The dismal state of history today can be explained, ironically enough, by history. 

A proper, critical analysis of the changing trends in the philosophy of history, which underpins and guides the activities of historians, shows how, during the nineteenth century, history ceased to be a science that instructs humankind through reasoned example, and was remade into two different, but equally flawed pursuits: 1) a “pure science”–whose investigations are divorced from any practical application, and 2) a weapon for propagandists, who wish to wield it solely for political purposes.  

Homeschoolers and history teachers cannot afford to wade unknowingly into this ideological arena. They will either present their students with a body of knowledge, the significance of which they cannot validate, or fall prey to a slanted presentation whose aim is to inculcate values that they would not otherwise chose to transmit. In these approaches history does not serve its actual purpose, which is to demonstrate the causes and consequences of ideas in the world.

History can be a science. It can be an invaluable science. For that to happen, however, history has to be restored to its proper role in the education of young minds, and that requires an awareness among history providers–whether experts, or moms taking over for the experts who aren’t doing their job–of how things went wrong in the first place.

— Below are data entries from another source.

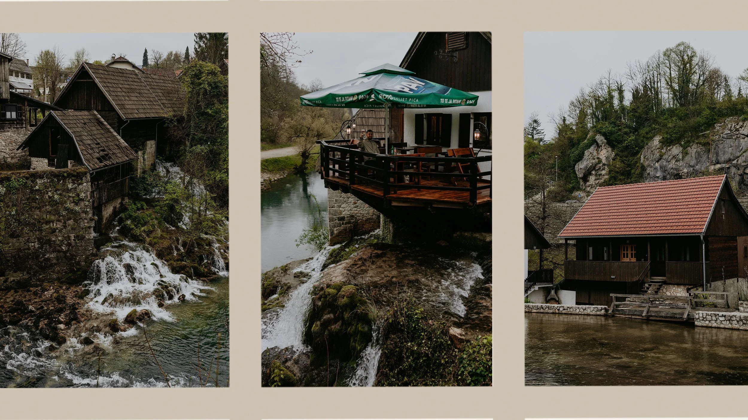 The town of Rastoke and the Vodena Ovca restaurant, perched atop the waterfall.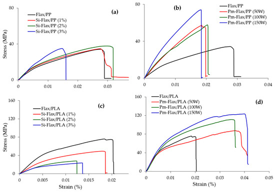 Stress–strain curves of (a,b) Flax/PP and (c,d) Flax/PLA single layered laminates from the fabrics treated with (a,c) silane at different concentrations and (b,d) atmospheric plasma with different plasma flame intensities.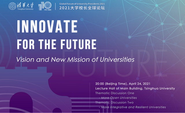On April 24, the eve of its 110th anniversary, Tsinghua University will host the Plenary Session of the Global Forum of University Presidents 2021 (GFUP 2021). Tsinghua has invited presidents from universities across the globe—including the US, Japan, Kenya, Italy, Australia, Russia, Chile, and Germany—to participate in the forum and share their views on the theme of “Innovate for the Future: Vision and New Missions of Universities.”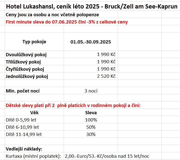 - First minute akce při objednávce do 07.06.2025 sleva -3% z ceny za ubytování!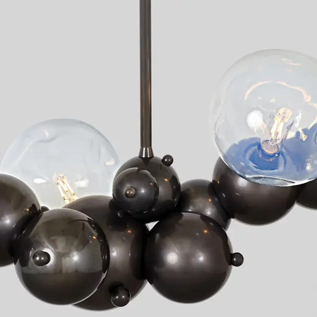 The Bubbly 04 Chandelier from Rosie Li Studio raises the spirits of the room with a weightless silhouette referencing the airy bubble and the slow-building shapes of the botryoidal hematite mineral. Creator Rosie Li Studio ditches traditional design motives for an approach built on science, math, nature, and pared-down forms. Here, the globe serves as the building block. Artisans craft these familiar globes in brass at varying scales to get the eyes moving all around. The brass globes stretch far, making the piece ideal for the communal setting. Handblown glass shades add radiant focal points while on. The light gives the brass display a pleasant golden hue.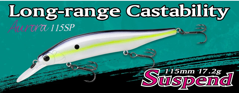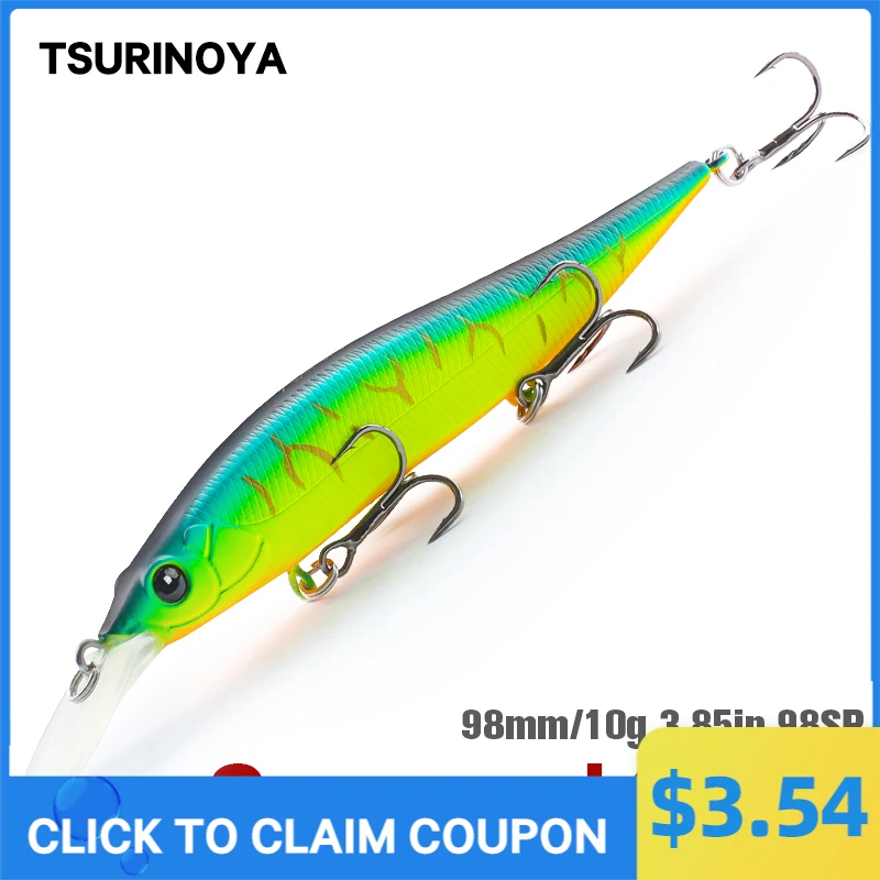 TSURINOYA 98SP suspensión señuelo de pesca Minnow AURORA 98mm 10g Max 2,2 m peso de tungsteno largo lanzamiento Lucio Jerkbait cebo duro

“The State of History” is the first installment of a monthly lecture series, courtesy of HistoryAtOurHouse. Interested parents, homeschool teachers, and educators can sign up by contacting seminars@historyatourhouse.com.

Further information on the lecture series, including the sure-to-be-controversial ‘Lies a Liar Told Me About My Teacher!” (coming in August) can be found at: www.historyatourhouse.com/main/freeseminars.html.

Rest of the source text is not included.